Wal-Mart, Part I - Social vs. Environmental

I went to a small gathering last night hosted by E2 (Environmental Entrepreneurs), a group of environmentally-interested business people associated with the NRDC. The speaker was Tyler Elm, Wal-Mart’s Senior Director for Corporate Strategy (focused on environmental issues), a relatively recent emigrant to Bentonville who previously ran Office Depot’s environmental programs. It was an interesting talk about Wal-Mart’s aggressive environmental goals and plans. Of course given the size of the company and its potential to help destroy or save the planet, Tyler could have read from the Wal-Mart store manual for 30 minutes and it would be worth going.

There was enough to chew over and comment on for many posts, so this will be the first of a few. But to start, there was one big elephant in the room last night—the recent (and recurring) press coverage of Wal-Mart’s problems on the social front (labor, wages, health care, you name it).
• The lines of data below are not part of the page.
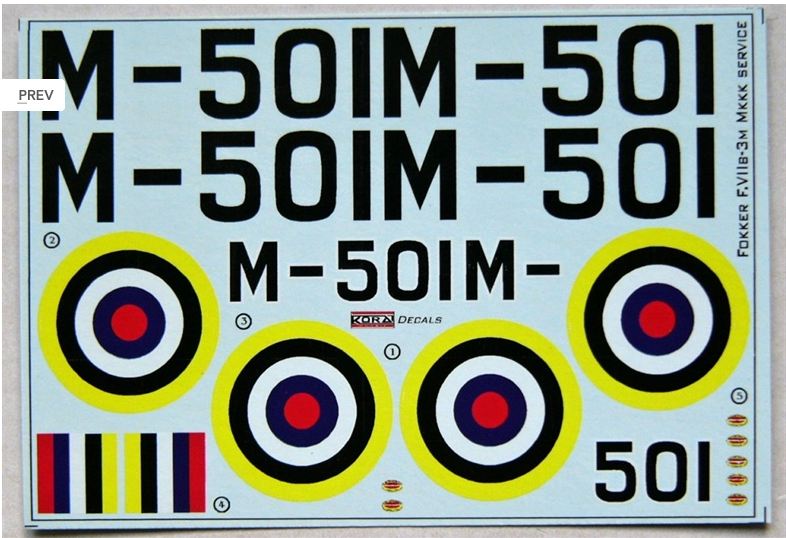 Kora Model - 1/72 Decals Fokker F VII B-3M TRIMOTOR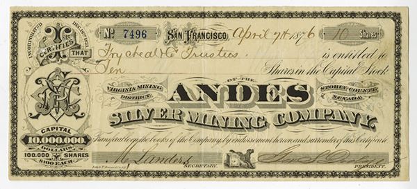 Virginia Mining District, Storey County, Nevada. 10 Shares, I/U, Black with ornate counterfoil at left, ornate title, S/N 7496, VF with pin holes on the upper left.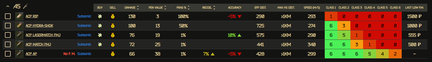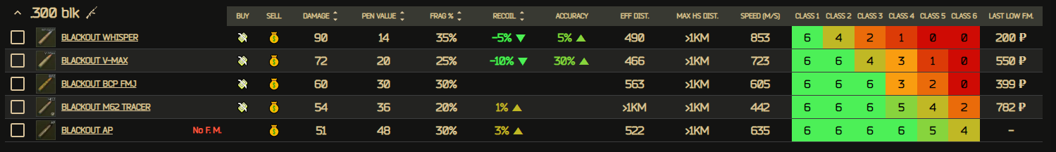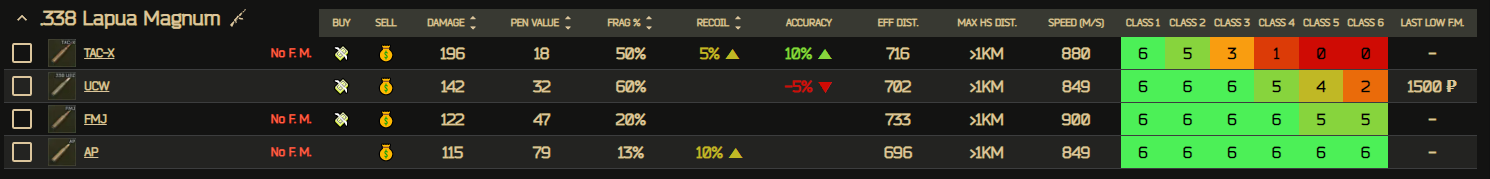 ( Ctrl+F를 눌러 원하시는 탄약을 검색하시면 쉽게 찾을 수 있습니다.)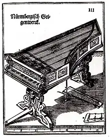 Le Geigenwerk est une invention datant de 1575, de l'organiste Hans Christoph Heyden (de) de Nuremberg. En 1576 un premier instrument fut livré à la chapelle de la cour de Munich.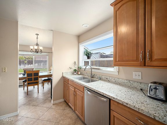 Single-Level Comfort with a Spacious Backyard & Updated Kitchen! With convenient access to US 101, schools, shopping, and dining, this single-level, three-bedroom, two-bathroom home in an established Santa Maria neighborhood offers a functional floor plan, spacious outdoor living, and key updates for easy everyday living. The living room features cathedral ceilings, a cozy fireplace with a brick hearth and wood mantel, and 18' tile flooring. Off the entry, a bonus room with laminate flooring offers flexible use as a home office, study, or fitness space. The renovated kitchen is the heart of the home, showcasing granite slab countertops, updated stainless steel appliances (refrigerator included), abundant cabinet storage, a pantry, and a sunny garden window, flowing into a dining room with a stylish hanging light fixture. The primary suite includes an en-suite bath, while two additional bedrooms are located near the full secondary bathroom. Enjoy the Central Coast's mild climate with versatile outdoor spaces--a backyard with an oak pit grill, expansive lawn, and a concrete patio with built-in bench seating, plus a large front yard with a shady tree for added curb appeal. Additional highlights include a two-car garage with storage cabinets and Milgard vinyl windows. This home is a great opportunity to enjoy comfort, convenience, and classic Central Coast living.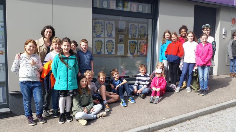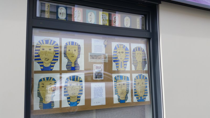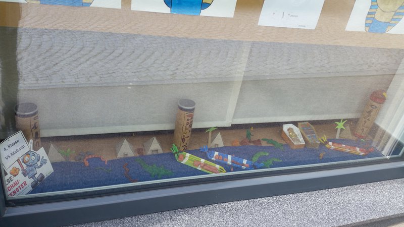 Das Buch wurde nach Anzahl der Kinder in Abschnitte geteilt und in der Klasse von den Kindern vorgelesen. Gleichzeitig haben wir uns mit unserer Klassenlehrerin Doris Ehemoser im Unterricht ausführlich mit dem Thema Ägypten beschäftigt und Informationen gesammelt. Im Zeichnen und Werken entstanden dann die Ausstellungsstücke für unser Leseschaufenster.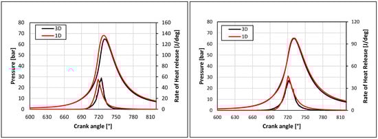 Figure 4 shows both in-cylinder pressure and heat release curves for each investigated case. The best agreement between the models was reached at 3000 rpm with a difference in pressure peak of about 0.47%, while at 1500 rpm, the difference was of about 4.9%. The agreement between the two models seemed to be good. These results confirm that the 1D model effectively predicted the behavior of the analyzed engine. Thus, it was implemented for the following analyses involving the fuel blend under study.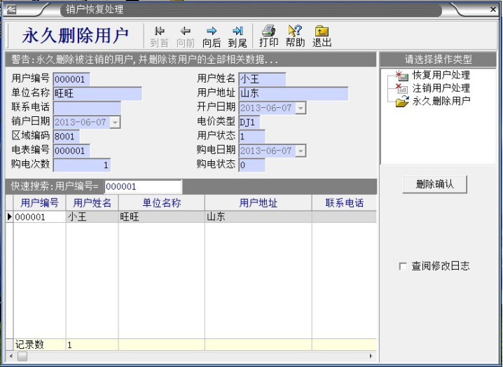 預(yù)付費電表系統(tǒng)管理者,在平時的操作中經(jīng)常會遇到需要刪除用戶,小編在接下來通過圖片和文字詳細介紹這方面的操作。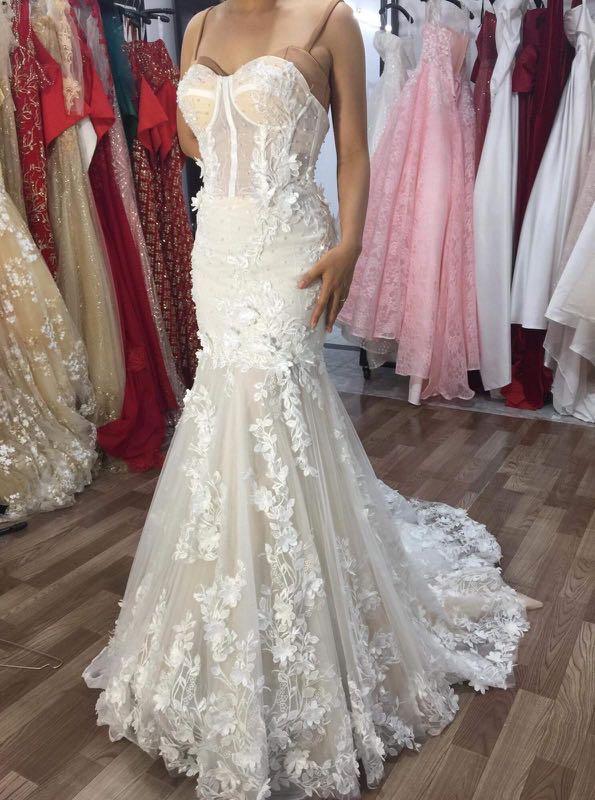 M45398 Romantic V Neck Trumpet Style Wedding Dresses Mermaid Lace Lace Style Wedding Dresses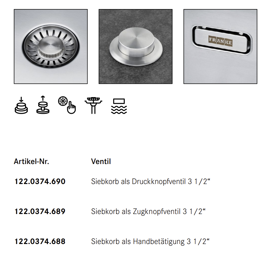 - Becken erhältlich mit 3 unterschiedlichen Ventilarten

See NY Times editorial and blog reactions.

A couple of attendees last night decided to bash Tyler for the company’s social lapses. Besides the fact that Tyler works on the environmental front almost exclusively and can’t really answer for what his bosses’ bosses’ bosses decide, the contentious discussion gets at one big issue that guided Green to Gold from early on in our research — environmental and social issues are intertwined, but very different.
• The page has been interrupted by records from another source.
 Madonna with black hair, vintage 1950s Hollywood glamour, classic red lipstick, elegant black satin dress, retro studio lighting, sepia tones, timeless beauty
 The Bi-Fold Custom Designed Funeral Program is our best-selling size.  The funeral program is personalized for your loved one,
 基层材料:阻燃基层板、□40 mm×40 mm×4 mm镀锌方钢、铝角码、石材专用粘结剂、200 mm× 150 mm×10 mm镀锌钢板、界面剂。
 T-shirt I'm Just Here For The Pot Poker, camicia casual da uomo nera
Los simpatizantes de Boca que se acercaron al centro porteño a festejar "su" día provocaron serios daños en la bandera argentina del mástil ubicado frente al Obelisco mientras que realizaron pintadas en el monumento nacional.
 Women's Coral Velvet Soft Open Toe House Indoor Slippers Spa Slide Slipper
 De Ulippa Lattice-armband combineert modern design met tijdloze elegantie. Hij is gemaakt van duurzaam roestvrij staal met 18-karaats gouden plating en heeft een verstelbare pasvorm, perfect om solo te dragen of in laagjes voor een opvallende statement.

Clearly both sets of issues can create, or destroy, value. But it’s almost like different currencies without a good exchange rate. You need to earn and protect both. A company that has problems on the social side cannot wipe them away with top-notch environmental programs, a point we make early in our book about Wal-Mart in particular. Here’s what we say:

Any company that thinks it can cover shortcomings in social performance with strong environmental results is kidding itself. Wal-Mart, for example, has recently started to work on a range of issues from renewable energy to sustainable fishing to its impact on land use. But it shouldn’t expect to win any prizes for corporate responsibility while falling short on basic social issues such as wages, health care, and labor relations (p.22).
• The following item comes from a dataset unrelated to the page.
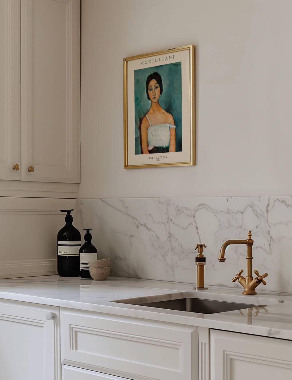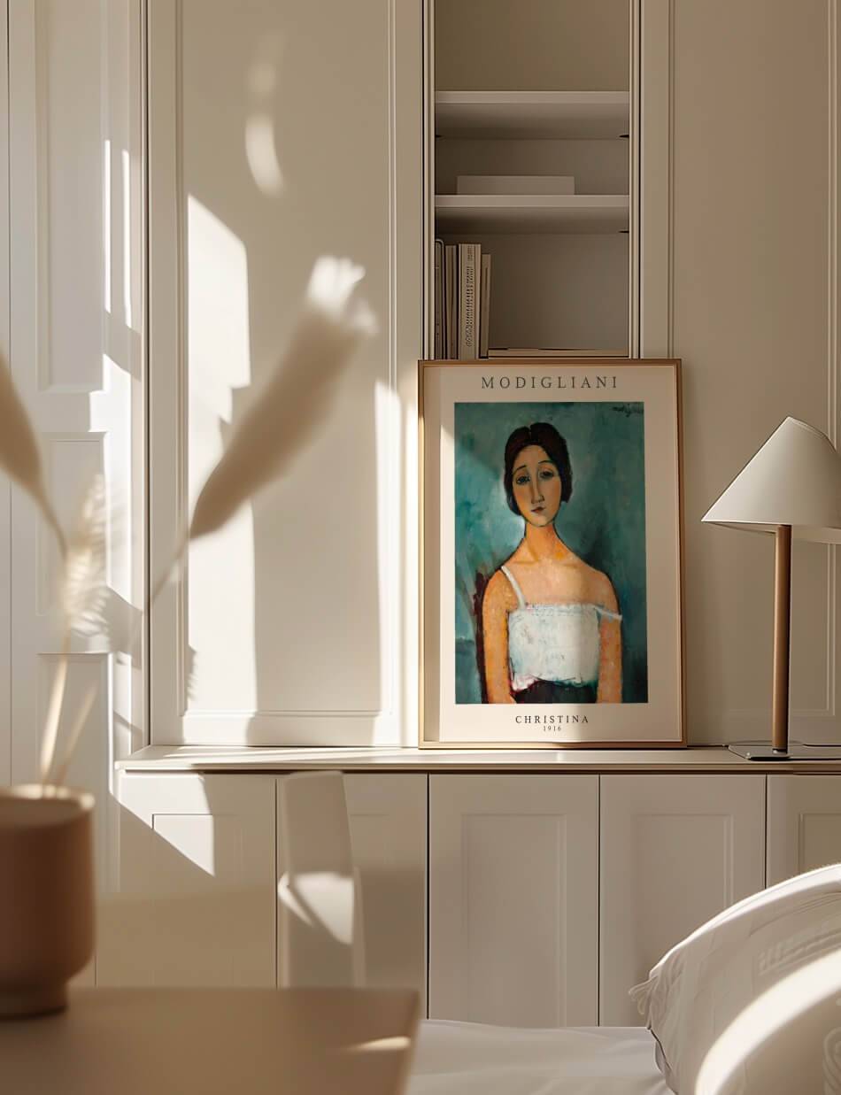 Amedeo Modiglianis “Christina” (1916) portrætterer en kvinde med en yndefuld holdning og et roligt, men melankolsk udtryk. Hendes lange hals og ovale ansigt er typiske for Modiglianis stil, og hendes store, udtryksfulde øjne formidler en følelse af introspektion. Maleriet er kendetegnet ved sine bløde, flydende linjer og dæmpede farver, som skaber en følelse af ro og eftertænksomhed. Værket er et smukt eksempel på Modiglianis evne til at fange det menneskelige sind og følelser gennem sin unikke kunstneriske stil.

I want to amend that paragraph which now reads a bit harsh to me. I stand by the fact that what you do right on one hand doesn’t cancel out what’s wrong on the other. But that truism works both ways. The bad doesn’t negate the good. What Wal-Mart is doing on the environmental front is good — full stop. For example, the company’s push to sell consumers 100 million-plus compact fluorescent bulbs (which will save the equivalent in emissions of taking two million cars off the road) absolutely reduces the burden on the planet. And the company should be recognized for that.

The environmental and business communities need to welcome these actions. It’s not greenwashing to accept solid results as long as you’re honest about what needs improving. We talk in the book about stakeholder relations and how companies must listen to different voices. Well, the stakeholders need to stop talking sometimes, accept victory when it presents itself, and applaud.